I certainly blamed others for my emotional ruin. Blamed the bullies who blasted me — most of whom were other men. When it came to all the other guys, however, the ones who either ignored me or could’ve cared less about any sort of deep meaningful friendship, I turned the blame inward.

I must be the messed up one, then. Of course he’s ignoring me; of course he doesn’t care. Why would he want to be my friend? Why would anyone? Friends with this emotional disaster?

I can connect much of my adolescence with those descriptive snippets from Level 7: of being ashamed of myself. Fatigued. Emotionally paralyzed.

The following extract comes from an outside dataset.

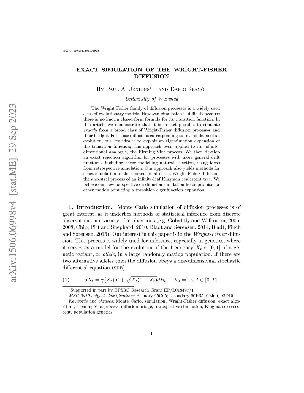 The Wright-Fisher family of diffusion processes is a widely used class of evolutionary models. However, simulation is difficult because there is no known closed-form formula for its transition function. In this article we demonstrate that it is in fact possible to simulate exactly from a broad class of Wright-Fisher diffusion processes and their bridges. For those diffusions corresponding to reversible, neutral evolution, our key idea is to exploit an eigenfunction expansion of the transition function; this approach even applies to its infinite-dimensional analogue, the Fleming-Viot process. We then develop an exact rejection algorithm for processes with more general drift functions, including those modelling natural selection, using ideas from retrospective simulation. Our approach also yields methods for exact simulation of the moment dual of the Wright-Fisher diffusion, the ancestral process of an infinite-leaf Kingman coalescent tree. We believe our new perspective on diffusion simulation holds promise for other models admitting a transition eigenfunction expansion.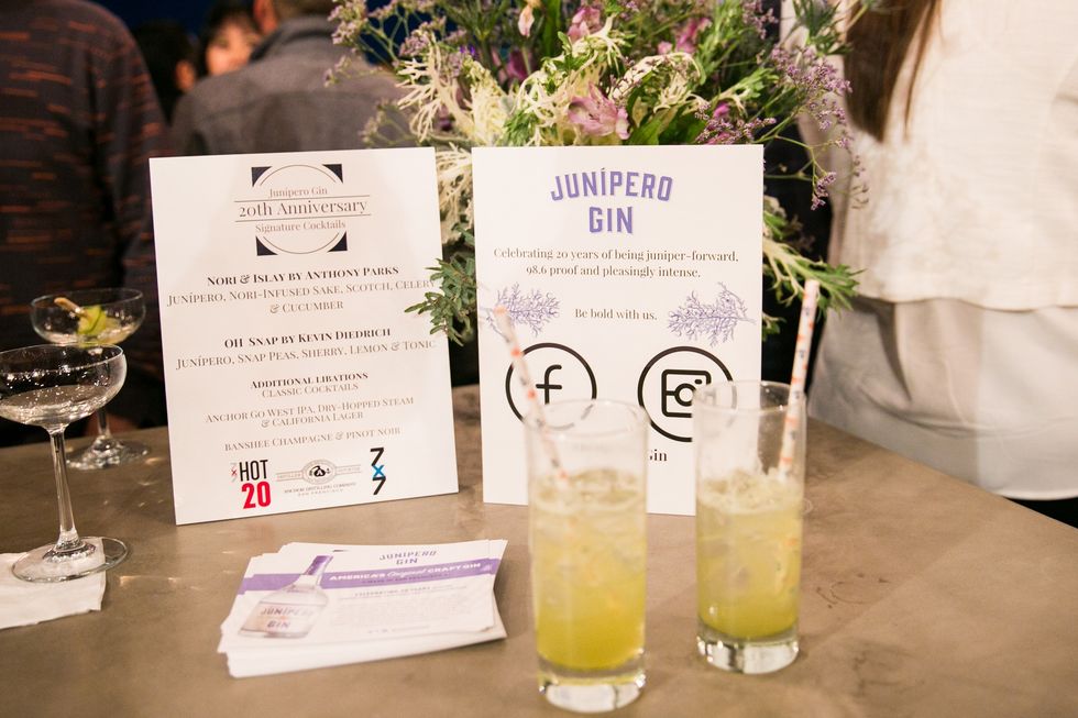 On October 26th, in Anchor Distillery's Penthouse Tasting Room, 7x7 and VIP guests raised a glass to this year's crop of talents. San Francisco's leading bartenders, Kevin Diedrich of Pacific Cocktail Haven and Anthony Parks of Mourad, served up Junípero Gin specialty cocktails in celebration of its 20-year anniversary in San Francisco. Delicious bites, think peppered short rib pastrami and smoked winter squash, were prepared by Melons Catering & Events.

Life as an Unhealthy Type 4: Shame Is Not My Identity

Nearly a decade now removed from high school, I still dabble in Level 7 from time to time. I’m practically a professional at the blame/shame game. While I rarely blame others anymore, I do still wonder why this person or that group — usually other men — would ever want to befriend the complete and utter mess of me.

Even after all these years, it’s hard to let go of my shame. Because Type 4s tend to tie shame to our very identities, to discard shame, then, would be to destroy something intrinsic and significant. It’s who we are.

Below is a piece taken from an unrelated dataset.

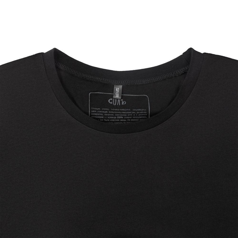 Футболка унисекс со спущенным плечом и круглым вырезом, отделанным резинкой.

But is it? Is it really? Desperately holding onto my shame seems as sad and inane as the story of this sickly dog and its bone:

There is a Sufi story … about an old dog that had been badly abused and was near starvation. One day, the dog found a bone, carried it to a safe spot, and started gnawing away. The dog was so hungry that it chewed on the bone for a long time and got every last bit of nourishment that it could out of it. After some time, a kind old man noticed the dog and its pathetic scrap and began quietly setting food out for it. But the poor hound was so attached to its bone that it refused to let go of it and soon starved to death.

 

Fours are in the same predicament. As long as they believe that there is something fundamentally wrong with them, they cannot allow themselves to experience or enjoy their many good qualities. To acknowledge their good qualities would be to lose their sense of identity (as a suffering victim) and to be without a relatively consistent personal identity (their Basic Fear). Fours grow by learning to see that much of their story is not true—or at least it is not true any more. The old feelings begin to fall away once they stop telling themselves their old tale: it is irrelevant to who they are right now.

 

Unhealthy Tom doesn’t trust people.

Unhealthy Tom is afraid of people.

Unhealthy Tom prefers solitary shame to communal love.

Unhealthy Tom is scary. But understanding more about my unhealthy Type 4 tendencies has been an enlightening and empowering process. Moving forward, I need to let go of the bone of blame and shame. Need to recognize the past for what it is: something that is behind me. Not still with me. To shed my shame and reject any further identification with it.

May I take all those awful teenage experiences and sculpt a new existence into my twenties and beyond. One free of blame toward others and, more vitally, myself.

What’s your Enneagram Type? Describe your life as an unhealthy Type 4 or whatever other unhealthy type. What does being “unhealthy” look like for you, and how can you climb upward?